Friluftsliv (pronounced 'free-luft-sleeve') is a philosophy that embodies the Nordic enchantment with nature. While it doesn't translate easily into English, the spirit of the philosophy is about the right of all humankind to roam free in nature. In Friluftsliv, ‘returning to nature, is returning home’. Experiencing nature—rain, hail or shine—provides children with the opportunity to learn, grow, and develop their own unique relationship with the world around them.
One of my favourite memories of my time travelling through Scandinavia was perhaps a very ordinary afternoon in Stockholm. Walking home from a day of wandering and exploring the city (with chilled red noses and frosty hair), my friend and I stumbled upon a snow-filled square, where children were laughing, tobogganing, singing and playing. They were dressed in colourful snow suites, no fixed playground equipment, and very few adults, in sight. A freezing cold afternoon, when many of us back home would be hidden inside, beside heaters, these children were basking in the glory of winter.
The Scandinavian way
'There is no such thing as bad weather… only inappropriate clothing.' This is a philosophy that the Scandinavians live by. For anyone who has travelled this far north of Europe or read anything about the forward-thinking Nords, you will know that they have always done things a little differently! The idea that it could be, ‘too cold’ or ‘too wet’, or that ‘you will catch a cold outdoors', just does not exist. With temperatures dropping to below zero for almost half of the year, hiding indoors really isn’t an option.
In the Nordic climates, it is quite normal for infants (from two weeks old) through to the toddler years to take their daytime naps in a pram out in the fresh air (all year round), be it at home, outside cafes and in childcare. Only in particularly cold temperatures are children moved indoors. Children are dressed in weather-appropriate outfits and wrapped in blankets. It is believed that the more consistently children are exposed to fresh air, the better their immunity and the better their sleep patterns.

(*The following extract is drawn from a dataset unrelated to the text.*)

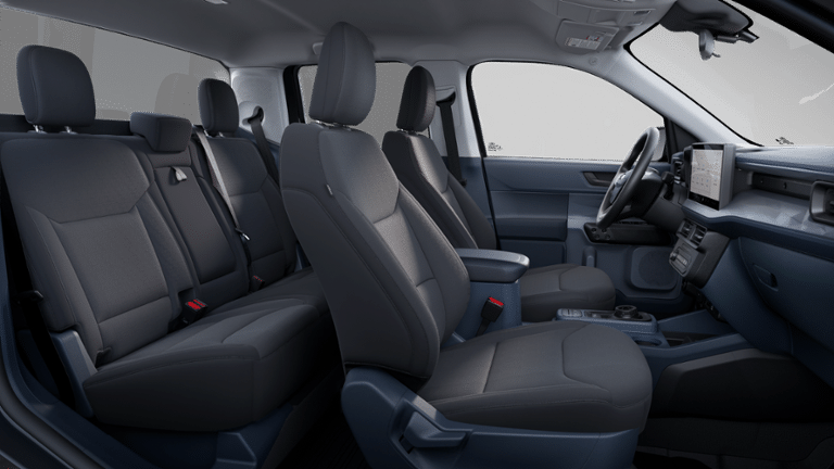 2.91 Axle Ratio, 4-Wheel Disc Brakes, 6 Speakers, ABS brakes, Air Conditioning, Alloy wheels, AM/FM radio: SiriusXM with 360L, Apple CarPlay/Android Auto, Auto High Beams, Auto High-beam Headlights, Automatic temperature control, Bed Tie Down Locking Rails w/2 Locking Brackets, Black Appearance Package, Black Grille, Black Interior Accents, Black Painted Mirrors, Brake assist, Bumpers: body-color, Compass, Delay-off headlights, Driver door bin, Driver vanity mirror, Dual front impact airbags, Dual front side impact airbags, Electronic Stability Control, Emergency communication system: SYNC 4 911 Assist, Equipment Group 302A, Exterior Parking Camera Rear, Four wheel independent suspension, Front & Back Black Edition Ford Logo, Front & Rear Floor Liners w/o Carpet Mats, Front anti-roll bar, Front Bucket Seats, Front Center Armrest, Front reading lights, Fully automatic headlights, Illuminated entry, Internet access capable: FordPass Connect 5G, Knee airbag, Low tire pressure warning, Occupant sensing airbag, Outside temperature display, Overhead airbag, Overhead console, Panic alarm, Passenger door bin, Passenger vanity mirror, Power door mirrors, Power steering, Power windows, Pre-Collision Assist w/Automatic Emergency Braking, Radio data system, Radio: AM/FM Stereo w/6 Speakers, Rear anti-roll bar, Rear seat center armrest, Rear step bumper, Rear-View Camera, Remote Keyless Entry, Security system, SiriusXM w/360L, Speed control, Speed-sensing steering, Steering wheel mounted audio controls, SYNC 4 w/Enhanced Voice Recognition, Telescoping steering wheel, Tilt steering wheel, Traction control, Trip computer, Unique Cloth Front Bucket Seats, Unique Cloth Front Bucket Seats w/Black Appearance, Wheels: 17 Carbonized Gray Painted Aluminum, Wheels: 19 Black Painted Aluminum.

Scandinavian educators have been utilising nature and the outdoor environment as a learning resource for children for many years. The majority of kindergartens and early learning settings use the outdoor environment all year round. Some settings do not have conventional classrooms at all—these are known as 'forest schools'. Originating in Denmark, forest schools are based on the idea that children need to be able to explore and challenge their own abilities in nature, with very little adult intervention. Forest schools place trust in children in order for them to develop the confidence to understand their own strengths and capabilities. There is much research that supports the correlation between time spent in nature, and improved overall childhood wellbeing and development.
The Environment as Teacher
‘The environment as teacher’ philosophy (inspired by the Reggio Emilia Approach) expresses that the environments (within which children spend their time) play an essential role in supporting children's learning and development. Developing opportunities for open-ended sensorial experiences, aids in challenging children’s sense of wonder, encourage their relationship with the world, as well as problem solving, theorising and investigative skills. From birth, it is vital that children have the opportunity for intimate sensory experiences with nature (such as feeling cool grass underfoot or mud between fingers, listening to leaves flitter and magpies sing, or catching rain drops on the tongue). Uninterrupted play in nature helps children to make sense of the world around them, and to build their own intimate relationship with it.
Nature and ‘risky’ Play
Play, by it’s very nature, involves many forms of unpredictability. Contemporary research espouses risk-taking as an integral part of children’s play and development. It is human nature to want to discover things for ourselves – understanding our individual limits, the cause and effect of our choices, and the chance to build our own understandings of the world. By avoiding and preventing risk, it is possible that children may grow into adults who are unable to identify their own abilities and limitations.
The weather elements and seasonal changes (wind, rain, snow and even the hot sun) all present their own challenges, and opportunities for the construction of knowledge. It might be discovering the strength of different branches when tree climbing; slippery or uneven surfaces when running; learning that becoming wet and muddy is one outcome of jumping in a puddle; or the equilibrium needing to balance on a rocky wall. Only by experiencing challenge and risk can children learn to take care of themselves and others around them.
So…what can we learn from the everyday Viking practice? For a start, there is no such thing as bad weather! Put on your winter woolies, gumboots and a raincoat and let go of adult preconceptions! We are not going to ‘catch a cold’ simply because it is cold!
I welcome you to embrace the weather, rain or shine, and head outdoors! Provide children with some open-ended time to explore nature and become attuned to the world around them. Try to take a step back from adult-directed activities and classes, and let children lead their learning and adventure. You may be surprised by what they know, what they will discover and the questions that may arise. Children need the time and space to experiment, and develop independent and creative ways of thinking—they can only do this through trial and error, exploration, theorising, repetition, leaving and, of course, the opportunity to return.
The natural environment provides for these many learning domains for children, as well as endless positive influence for our physical, creative, social, emotional and cognitive wellbeing. Our innate relationship with nature is primal to our being—and a child’s nature is testament to this! So let’s embrace our freedom to roam.. And return to nature!!